Sensibiliser les jeunes mariés sur les conséquences potentielles d’un divorce, je trouve ça plutôt bien. Mais, selon moi, cela devrait déboucher, en toute logique, plutôt sur une diminution des mariages. Car, quand les hommes (puisque ce sont souvent eux qui gagnent plus que les femmes) vont se rendre compte de tout ce qu’ils peuvent potentiellement donner à leur ex-femme en cas de divorce, même si celui-ci a été initié par elle (et c’est le cas dans les 70% des divorces), ils risquent d’avoir plutôt envie de se rabattre sur le PACS, qui leur permet, tant qu’ils sont en couple, d’avoir les mêmes avantages que le mariage, mais qui, en cas de séparation, les soustrait au principe de la fameuse prestation compensatoire, mécanisme des plus désuets et machistes, qui doit permettre de compenser la perte de niveau de vie de la femme suite à son divorce (en d’autres termes : l’ex-mari continue d’entretenir l’ex-femme). Je peux être très prolixe sur ce sujet, j’aurai l’occasion d’y revenir.
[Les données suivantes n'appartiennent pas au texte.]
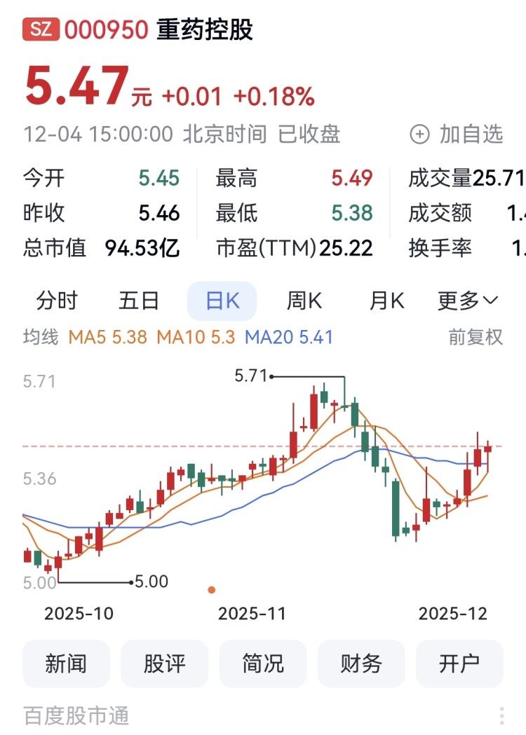 12月4日晚间,央企通用旗下重药控股(000950)披露2025年前三季度利润分配预案,拟以9月30日享有利润分配权的股本总数约17.13亿股(总股本17.28亿股扣除公司回购专户中持有的股份1540.66万股)为基数,向全体股东每10股派发0.30元现金红利(含税),分配总金额为5138.33万元(含税)。

Si on pousse la réflexion, pensez-vous qu’il faille expliquer aux futurs mariés ce que signifie le mot ‘fidélité’ ? Ils le prononcent, se le jurent devant M. le maire, point besoin de cours sur la teneur de ce serment. Or, nombre de divorces sont occasionnés, de près ou de loin, par des infidélités, autrement dit par un manquement aux devoirs de l’époux ou de l’épouse, qui sait pertinemment ce qu’il fait au moment où il va voir ailleurs. Pour autant, le divorce pour faute n’existe plus. La logique est donc la suivante : vous jurez fidélité devant le représentant de l’Etat. Plus tard, vous bafouez cette promesse, mais d’autres représentants de la Loi, en l’occurrence les Juges, estiment que cet adultère ne présume en rien d’une faute. Où est la logique ?
Je ne suis pas pour le retour d’un divorce pour faute. J’imagine que cela est logique au regard de l’évolution de la société, de même que la non-reconnaissance de l’adultère comme une faute va dans le sens de la protection des femmes. Celles-ci ont droit d’utiliser leur corps comme elles l’entendent.
Mais alors, pourquoi continuer à inscrire la fidélité comme un des liens fondamentaux du mariage ? N’est-ce pas cela qui est régressif ? Bref, l’annonce de ces mesures visant à soi-disant renforcer le mariage civil me semble plutôt révélatrice de la grande hypocrisie qui plane sur cette institution. Car, en public, on dit que les divorces ont ‘un coût social élevé’. Mais en privé, on sait pertinemment qu’ils génèrent énormément de richesses pour certains : avocats, notaires, juges, etc. (Demandez-vous : pourquoi la proposition de Rachida Dati en 2007, qui visait à permettre à certains couples de divorcer chez le notaire, a-t-elle provoqué un tel tollé chez les magistrats ?)
Quant à moi, je suis pacsée. Je n’ai pas eu besoin de passer devant le maire pour jurer fidélité. La fidélité est LE principe fondateur de mon couple, mais il n’est écrit nulle part. Et c’est peut-être pour cela qu’il vaut vraiment quelque chose.
L’engagement moral ne s’apprend pas à la veille de son mariage. Il est la résultante d’un long processus d’éducation, d’intégration de valeurs, au même titre que la citoyenneté ou la civilité. Un guide de bonne conduite ingurgité par les futurs mariés ne changera rien à la donne.